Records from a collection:
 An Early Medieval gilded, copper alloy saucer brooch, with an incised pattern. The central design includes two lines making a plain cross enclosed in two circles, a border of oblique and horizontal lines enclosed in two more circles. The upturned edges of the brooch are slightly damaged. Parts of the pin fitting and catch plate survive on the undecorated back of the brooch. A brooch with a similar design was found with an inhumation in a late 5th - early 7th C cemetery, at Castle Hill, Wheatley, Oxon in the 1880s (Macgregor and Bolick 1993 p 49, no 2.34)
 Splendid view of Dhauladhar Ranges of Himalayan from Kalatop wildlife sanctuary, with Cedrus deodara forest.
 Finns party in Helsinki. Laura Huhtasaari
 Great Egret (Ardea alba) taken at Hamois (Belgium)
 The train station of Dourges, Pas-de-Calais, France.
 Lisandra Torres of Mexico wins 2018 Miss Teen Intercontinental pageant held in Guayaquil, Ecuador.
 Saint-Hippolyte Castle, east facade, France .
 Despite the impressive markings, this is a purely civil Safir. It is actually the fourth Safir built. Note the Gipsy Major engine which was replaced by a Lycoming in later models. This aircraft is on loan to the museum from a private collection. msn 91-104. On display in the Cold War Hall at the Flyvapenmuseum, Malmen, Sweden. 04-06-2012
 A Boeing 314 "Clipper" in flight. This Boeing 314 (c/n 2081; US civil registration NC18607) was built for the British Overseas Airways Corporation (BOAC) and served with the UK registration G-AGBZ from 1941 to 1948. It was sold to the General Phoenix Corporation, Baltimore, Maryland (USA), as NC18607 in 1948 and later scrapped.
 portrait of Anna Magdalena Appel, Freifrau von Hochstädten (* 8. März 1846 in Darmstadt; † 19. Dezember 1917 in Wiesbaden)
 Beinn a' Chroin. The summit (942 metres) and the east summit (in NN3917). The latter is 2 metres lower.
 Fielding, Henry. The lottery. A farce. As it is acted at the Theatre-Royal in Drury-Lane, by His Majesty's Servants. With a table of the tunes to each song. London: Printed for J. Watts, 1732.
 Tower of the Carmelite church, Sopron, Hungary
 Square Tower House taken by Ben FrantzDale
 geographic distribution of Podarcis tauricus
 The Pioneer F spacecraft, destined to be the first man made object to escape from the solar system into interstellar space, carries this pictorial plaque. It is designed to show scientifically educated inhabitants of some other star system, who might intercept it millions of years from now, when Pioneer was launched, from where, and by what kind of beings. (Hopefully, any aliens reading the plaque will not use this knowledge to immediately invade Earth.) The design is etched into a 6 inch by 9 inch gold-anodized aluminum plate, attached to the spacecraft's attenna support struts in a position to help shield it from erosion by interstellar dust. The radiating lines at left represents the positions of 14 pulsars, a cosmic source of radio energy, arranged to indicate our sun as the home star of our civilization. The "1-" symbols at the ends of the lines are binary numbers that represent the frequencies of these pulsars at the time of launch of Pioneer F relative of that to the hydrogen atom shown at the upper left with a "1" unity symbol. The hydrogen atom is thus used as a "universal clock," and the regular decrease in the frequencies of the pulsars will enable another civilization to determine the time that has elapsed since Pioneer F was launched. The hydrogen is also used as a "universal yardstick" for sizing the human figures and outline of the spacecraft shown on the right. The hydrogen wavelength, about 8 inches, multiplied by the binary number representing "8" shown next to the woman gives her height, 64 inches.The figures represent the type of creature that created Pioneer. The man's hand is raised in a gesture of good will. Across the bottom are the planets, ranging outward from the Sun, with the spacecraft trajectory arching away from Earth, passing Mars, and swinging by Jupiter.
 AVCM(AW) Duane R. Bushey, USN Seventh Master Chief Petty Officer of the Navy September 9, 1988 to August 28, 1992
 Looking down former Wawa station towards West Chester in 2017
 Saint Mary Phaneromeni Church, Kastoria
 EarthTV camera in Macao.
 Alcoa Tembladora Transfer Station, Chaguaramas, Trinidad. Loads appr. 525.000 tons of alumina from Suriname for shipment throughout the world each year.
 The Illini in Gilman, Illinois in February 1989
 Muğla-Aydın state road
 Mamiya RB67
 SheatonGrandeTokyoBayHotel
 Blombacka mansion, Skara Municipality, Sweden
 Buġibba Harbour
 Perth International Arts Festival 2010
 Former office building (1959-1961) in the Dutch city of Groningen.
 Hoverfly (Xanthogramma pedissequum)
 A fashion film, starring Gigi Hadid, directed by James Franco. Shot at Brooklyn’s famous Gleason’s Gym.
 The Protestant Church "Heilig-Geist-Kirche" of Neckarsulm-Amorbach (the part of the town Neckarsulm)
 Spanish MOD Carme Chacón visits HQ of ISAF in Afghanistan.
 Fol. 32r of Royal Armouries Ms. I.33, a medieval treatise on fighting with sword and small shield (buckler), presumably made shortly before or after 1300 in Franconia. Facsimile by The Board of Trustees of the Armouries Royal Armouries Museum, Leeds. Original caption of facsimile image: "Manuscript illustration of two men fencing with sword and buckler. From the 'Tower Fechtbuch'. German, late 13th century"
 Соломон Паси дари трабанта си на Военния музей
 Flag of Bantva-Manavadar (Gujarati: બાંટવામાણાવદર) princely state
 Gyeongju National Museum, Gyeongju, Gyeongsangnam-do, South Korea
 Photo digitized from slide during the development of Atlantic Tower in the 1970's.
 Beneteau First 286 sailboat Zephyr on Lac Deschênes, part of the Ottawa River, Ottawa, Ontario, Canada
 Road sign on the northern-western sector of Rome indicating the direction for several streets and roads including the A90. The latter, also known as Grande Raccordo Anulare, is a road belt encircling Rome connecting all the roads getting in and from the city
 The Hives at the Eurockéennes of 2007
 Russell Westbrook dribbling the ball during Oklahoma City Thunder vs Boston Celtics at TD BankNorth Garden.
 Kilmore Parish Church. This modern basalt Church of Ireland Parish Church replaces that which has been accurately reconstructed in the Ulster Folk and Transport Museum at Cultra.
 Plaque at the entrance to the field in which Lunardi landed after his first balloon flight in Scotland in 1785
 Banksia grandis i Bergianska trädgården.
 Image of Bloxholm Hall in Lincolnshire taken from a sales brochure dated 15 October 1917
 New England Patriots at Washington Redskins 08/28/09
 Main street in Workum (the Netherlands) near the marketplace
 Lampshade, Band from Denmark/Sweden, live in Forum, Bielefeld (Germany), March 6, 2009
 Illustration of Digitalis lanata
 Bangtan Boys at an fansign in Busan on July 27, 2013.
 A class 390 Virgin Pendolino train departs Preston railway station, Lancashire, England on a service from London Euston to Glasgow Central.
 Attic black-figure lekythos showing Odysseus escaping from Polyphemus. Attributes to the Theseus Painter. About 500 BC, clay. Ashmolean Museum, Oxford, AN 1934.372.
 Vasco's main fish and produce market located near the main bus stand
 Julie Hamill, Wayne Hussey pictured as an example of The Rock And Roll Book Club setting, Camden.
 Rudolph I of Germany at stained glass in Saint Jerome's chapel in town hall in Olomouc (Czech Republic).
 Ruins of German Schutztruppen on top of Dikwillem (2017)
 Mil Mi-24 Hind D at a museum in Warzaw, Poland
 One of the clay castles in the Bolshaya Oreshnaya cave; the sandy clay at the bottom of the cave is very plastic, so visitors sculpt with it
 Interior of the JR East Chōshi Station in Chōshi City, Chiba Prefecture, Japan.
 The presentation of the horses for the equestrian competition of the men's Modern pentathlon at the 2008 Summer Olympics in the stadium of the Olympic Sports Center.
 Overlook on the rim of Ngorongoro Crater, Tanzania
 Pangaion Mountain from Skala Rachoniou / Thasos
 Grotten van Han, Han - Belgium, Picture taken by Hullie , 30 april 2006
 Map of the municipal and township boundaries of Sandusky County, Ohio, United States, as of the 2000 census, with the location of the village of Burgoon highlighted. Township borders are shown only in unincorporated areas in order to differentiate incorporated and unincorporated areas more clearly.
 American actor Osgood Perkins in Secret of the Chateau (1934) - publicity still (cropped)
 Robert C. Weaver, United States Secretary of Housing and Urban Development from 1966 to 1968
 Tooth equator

What you will do - After locating the line with "American actor Osgood", please repeat it and every line after it exactly, through the end of the data above.

Answer for the task -
 American actor Osgood Perkins in Secret of the Chateau (1934) - publicity still (cropped)
 Robert C. Weaver, United States Secretary of Housing and Urban Development from 1966 to 1968
 Tooth equator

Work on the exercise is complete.